A full, word-for-word copy of the listing below is needed; leave the images out of it.

== Data ==

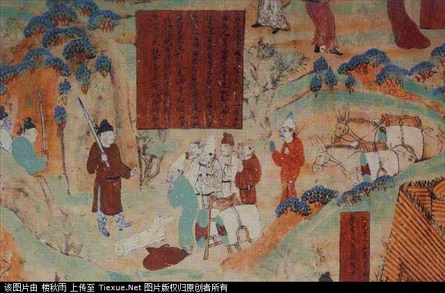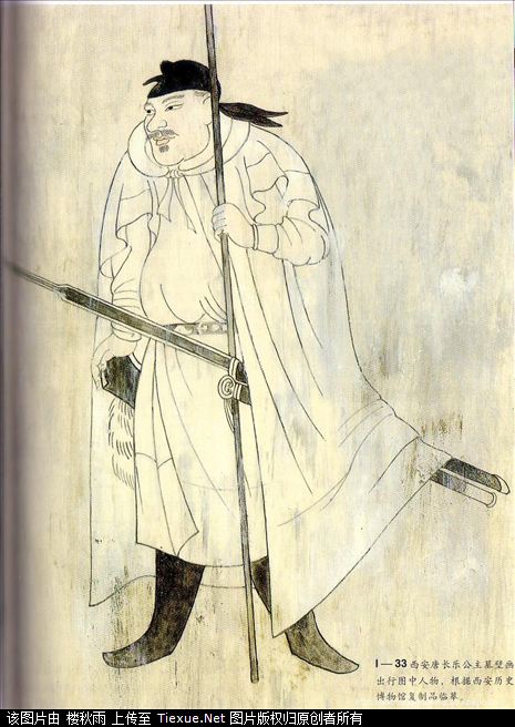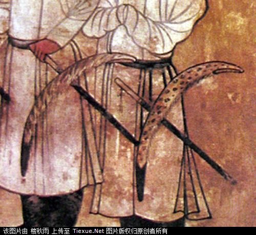 關於唐刀的起源,我們都知道它是由漢刀演化而來,中間歷史連貫,並無可爭辯之處。可偏是有一小撮別有用心者,稱唐刀仿自突厥,其依據不過是在中亞發現了幾幅時間上相當於唐中晚期的壁畫,畫中有似唐刀的兵器。我們更有理由相信,是當時的突厥在被盛唐擊敗後,開始仿製唐刀,以替代其落後的武器。
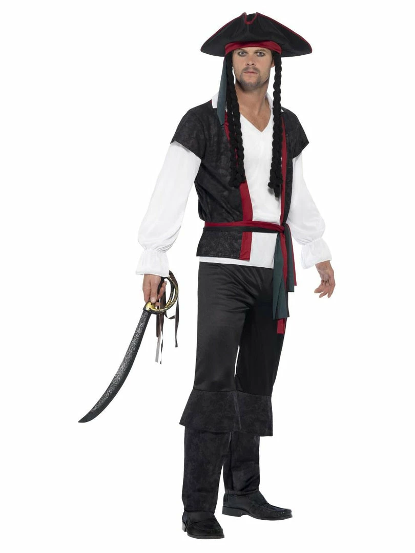 This complete Pirate costume is the perfect outfit for all you swashbuckling folk! It comes with top, trousers, tie & hat with hair.
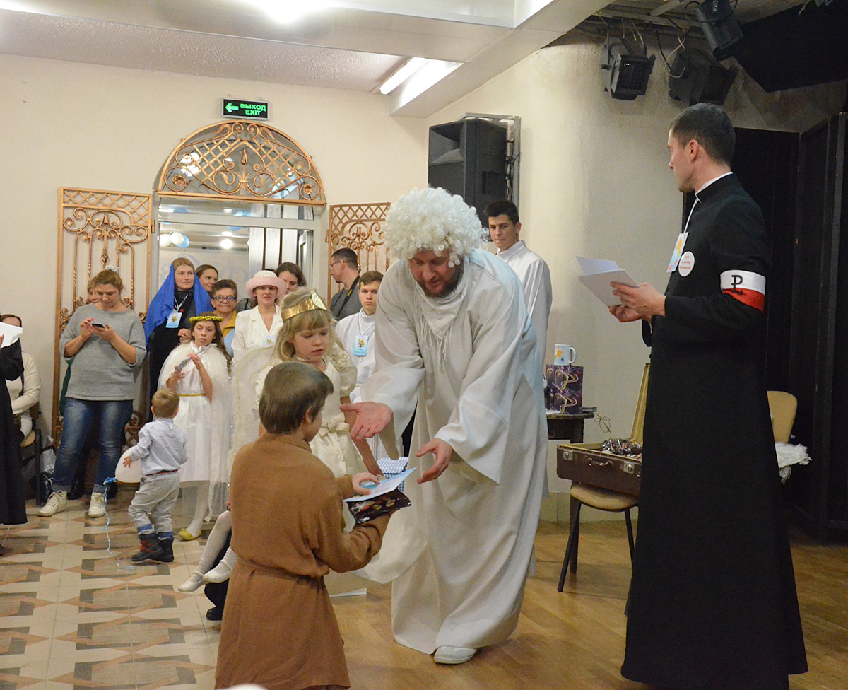 Цэлы вечар дзеці і дарослыя вучыліся радасна несці святасць і проста артымлівалі задавальненне ад супольнай забавы.
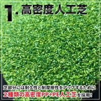 【2種類の高密度人工芝】元12mmの芝を圧縮して10mmにすることで高弾性があり、フラットな作りにしました。また硬さの違うPP芝+PE芝を組み合わせたことで最高に心地よいショットが打てるようになりました。

===

» **Result for this task**:
 關於唐刀的起源,我們都知道它是由漢刀演化而來,中間歷史連貫,並無可爭辯之處。可偏是有一小撮別有用心者,稱唐刀仿自突厥,其依據不過是在中亞發現了幾幅時間上相當於唐中晚期的壁畫,畫中有似唐刀的兵器。我們更有理由相信,是當時的突厥在被盛唐擊敗後,開始仿製唐刀,以替代其落後的武器。
 This complete Pirate costume is the perfect outfit for all you swashbuckling folk! It comes with top, trousers, tie & hat with hair.
 Цэлы вечар дзеці і дарослыя вучыліся радасна несці святасць і проста артымлівалі задавальненне ад супольнай забавы.
 【2種類の高密度人工芝】元12mmの芝を圧縮して10mmにすることで高弾性があり、フラットな作りにしました。また硬さの違うPP芝+PE芝を組み合わせたことで最高に心地よいショットが打てるようになりました。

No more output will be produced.